C. difficile infection


A C. difficile infection is determined by the existence of:

  • Diarrhea
  • Detection of C. difficile in stool
  • Other C. difficile infection signs and symptoms

Testing for C. difficile infection should not be done on those who have regular, well-formed feces. It is not necessary to have recently taken antibiotics in order to diagnose C. difficile infection.

Stool tests

Your doctor will request one or more stool sample laboratory tests if C. difficile infection is suspected. These tests either pinpoint the toxin or the bacterial strains that create it.

Colon examination

In certain cases, a doctor may conduct an internal examination of your colon to confirm a diagnosis of C. difficile infection and to investigate other potential causes of your symptoms. This examination, also referred to as a flexible sigmoidoscopy or colonoscopy, involves inserting a flexible tube with a small camera on one end into your colon. The purpose of this procedure is to examine the colon for any abnormal tissue or inflammatory lesions that may provide further insights into your condition.

Imaging tests

Your doctor might request an abdominal X-ray or a computerized tomography (CT) scan, which produces images of your colon, if they are worried about potential C. difficile infection consequences. The scan has the ability to identify issues like:

  • Bowel enlargement
  • Perforation in your colon’s lining
  • Colon wall thickening


Treatment is administered only to individuals who show signs or symptoms of illness. Those who have the bacterium but are otherwise healthy and do not exhibit any symptoms are not given any treatment.


If your C. difficile infection is linked to the antibiotic you are taking, your doctor will likely discontinue its use.
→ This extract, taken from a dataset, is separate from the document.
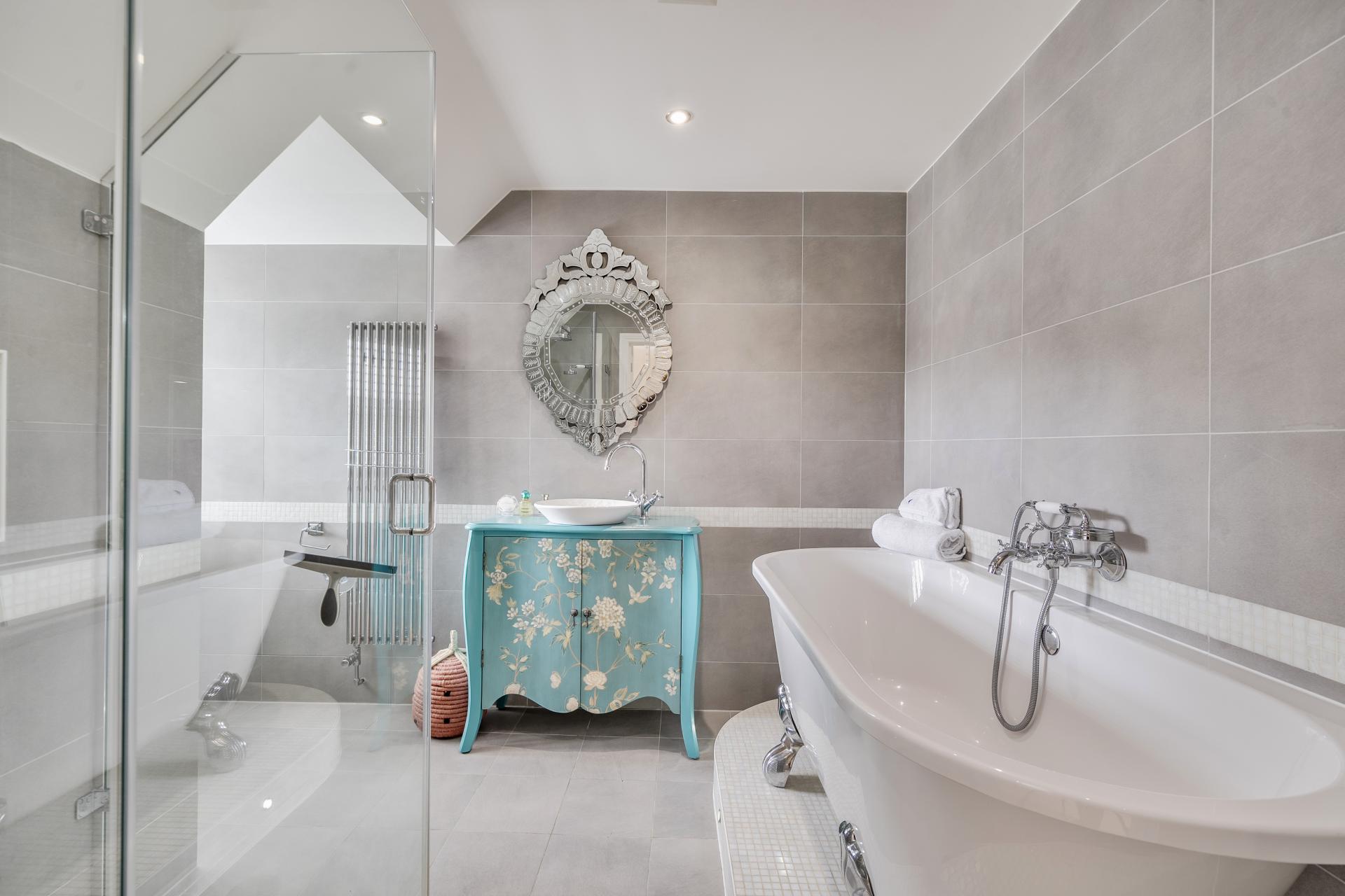 Evelyn House is an immensely stylish family home, offering a superb level of flexibility to suit almost any requirement. Accessed via a private and secluded 300ft driveway, this substantial seven double bedroom home, which includes a self-contained one bedroom apartment as well as a studio/annexe above the triple garage. The property is set within secluded grounds measuring just over an acre with approximately 6200 sq ft of elegant, stylish and user-friendly accommodation arranged over three floors.
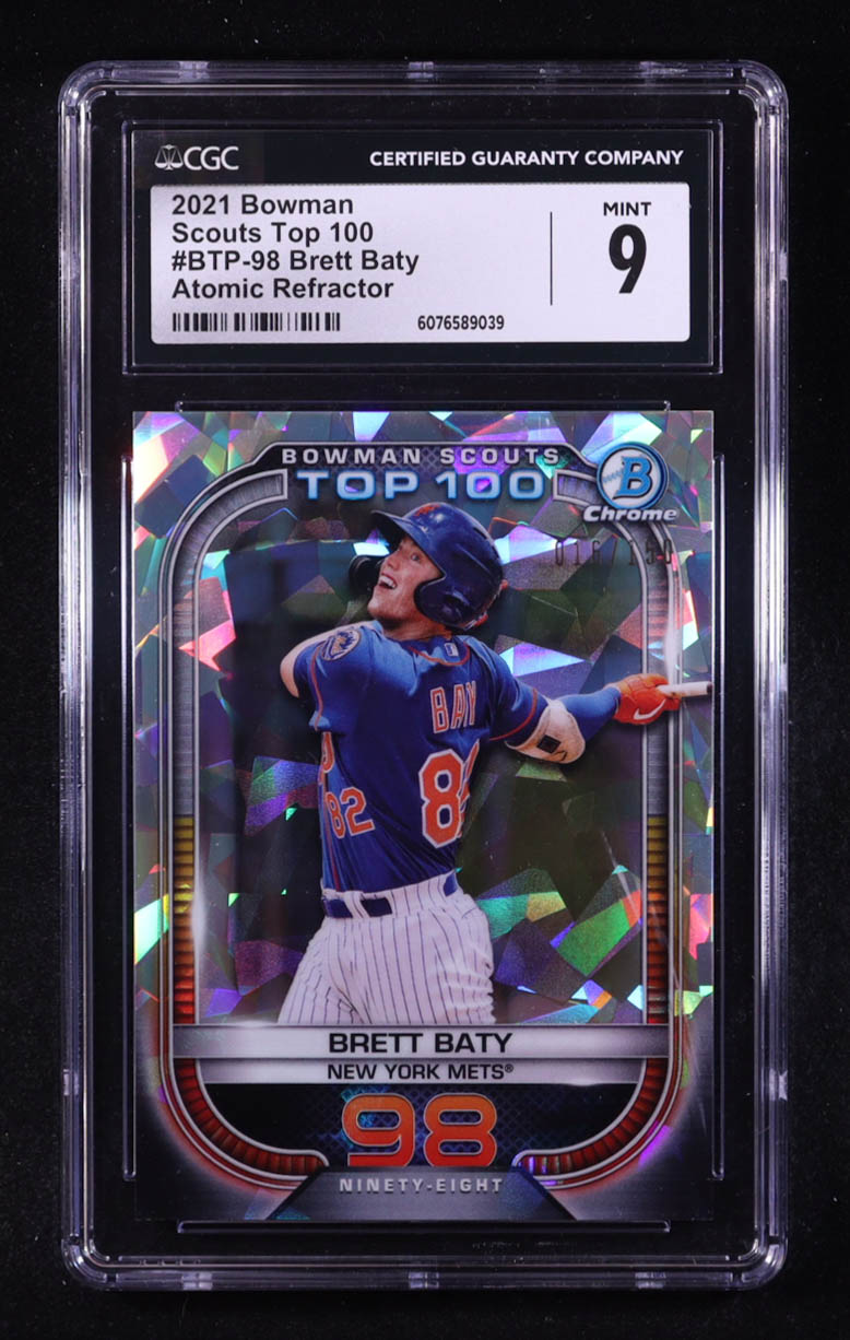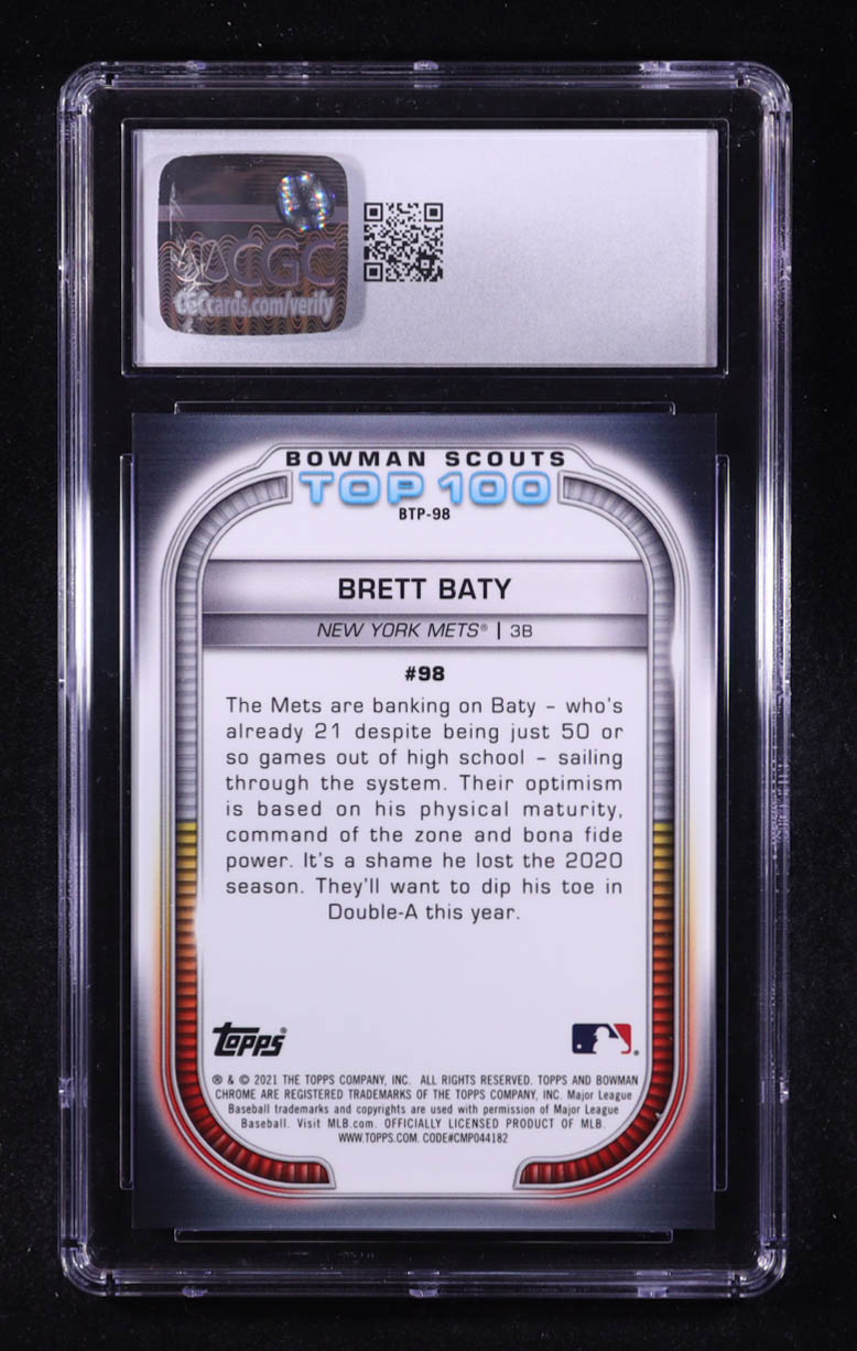 Brett Baty 2021 Bowman Chrome Scouts Top 100 Atomic Refractors #BTP98 #016/150 RC (CGC 9)

However, in cases where antibiotic therapy is necessary to treat another infectious disease, your doctor may prescribe an alternative medication that is less likely to cause diarrhea triggered by C. difficile infection.
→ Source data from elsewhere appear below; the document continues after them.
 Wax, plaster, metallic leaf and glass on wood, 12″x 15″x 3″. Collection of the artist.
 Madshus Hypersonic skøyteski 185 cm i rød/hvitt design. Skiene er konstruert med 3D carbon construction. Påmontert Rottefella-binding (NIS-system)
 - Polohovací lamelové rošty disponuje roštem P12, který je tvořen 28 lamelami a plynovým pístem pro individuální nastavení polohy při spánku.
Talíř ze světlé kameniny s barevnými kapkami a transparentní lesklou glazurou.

The primary treatment for C. difficile infection involves the use of antibiotics. Commonly prescribed antibiotics for this condition include fidaxomicin and vancomycin. In cases of severe C. difficile infections, a combination of vancomycin and metronidazole can be utilized for treatment.


In some circumstances, including the following, surgery to remove the diseased part of the colon may be required.

  • Organ failure
  • Toxic megacolon
  • Extreme pain
  • The abdominal wall lining is inflamed

Treatment for recurrent infection

A quarter of those who have had C. difficile infections treated get sick again, either because the original infection persisted or because they have been exposed to a new strain of the bacteria. With each bout of C. difficile infection, the risk rises, exceeding 50% after three or more infections.

If any of the following apply to you:

  • Age more than 65
  • Have a major underlying illness, like inflammatory bowel disease, chronic liver disease, or chronic kidney failure.
  • Are receiving treatment for a C. difficile infection while also taking antibiotics for a separate disease.

The following methods may be used to treat recurrent illness.

  • Antibiotics. One or more courses of a medicine may be used as part of an antibiotic therapy regimen for recurrent infections. The medications are typically not the same kind of antibiotics that were previously utilized. With each consecutive recurrence, antibiotic therapy becomes less effective.
  • Antibody-based therapy. Human antibody against the C. difficile toxin B, bezlotoxumab, is a treatment that has been found to lower the risk of recurrent C. difficile infection in people who are at a high risk of recurrence.
  • Fecal Microbiota Transplant (FMT). FMT has been researched in clinical trials as a potential treatment for many recurring C. difficile infections. Although the U.S. Food and Drug Administration has not approved FMT, it may be used as an experimental technique for C. difficile infection. You must sign a consent form that details the procedure’s advantages and disadvantages. FMT is often referred to as an intestinal microbiota transplant or a stool transplant.

By using specialized tubes that are introduced via your rectum, FMT replaces healthy intestinal bacteria in your colon. Before being utilized for FMT, donors are rigorously screened for medical issues, their blood is examined for infections, and their feces are checked for parasites, viruses, and other infectious germs.

According to studies, FMT performed once or more times has a greater than 85% success rate in treating recurrent C. difficile infections.

  • Probiotics. Probiotics, which are supplements or foods containing beneficial microorganisms, are intended to support the stability and growth of the body’s “good” bacteria. However, their role in contributing to C. difficile infections remains a subject of debate. The effectiveness of existing probiotic products in preventing or treating C. difficile infections has not been consistently demonstrated through research. While advanced probiotics are still under investigation, they are not currently available for the treatment or prevention of C. difficile infections. Researchers continue to explore their potential utility in this regard.